Continuous positive airway pressure (CPAP) maintains a constant pressure to reduce the work of breathing during sleep and is the evidence-based standard treatment for moderate to severe OSA. Previous research highlighted the benefits of CPAP therapy for OSA patients, including an improved quality of life and reduced daytime sleepiness, along with alleviating comorbid conditions of hypertension and glycemic control.8,9 However, the discomfort associated with CPAP, such as mouth dryness and headaches, can result in low compliance and adherence to therapy, significantly reducing its beneficial effects. 10 Additionally, different sleep stages, such as rapid eye movement (REM), and body positions like the supine sleep position, may require higher pressure settings for CPAP. 11 Fixed-pressure CPAP settings might not adequately accommodate such variations, potentially limiting their effectiveness.

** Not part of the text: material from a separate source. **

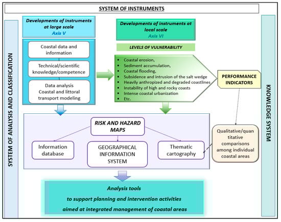 The System of Instruments provides for the development both of wide (Axis V) and local scale (Axis VI) instruments (Figure 3). The fundamental instruments for coastal zones management are the risk maps.

For autotitrating CPAP systems, the method of pressure adjustment is activated only upon detecting alterations in respiratory resistance or reduced minute ventilation, which may cause arousal occurrences and even extended exposure times to desaturation.12,13 Therefore, it may be beneficial to explore the potential of integrating additional reliable physiological signals to enable more precise and proactive pressure adjustments in CPAP systems, rather than relying solely on traditional signals like pressure and airflow.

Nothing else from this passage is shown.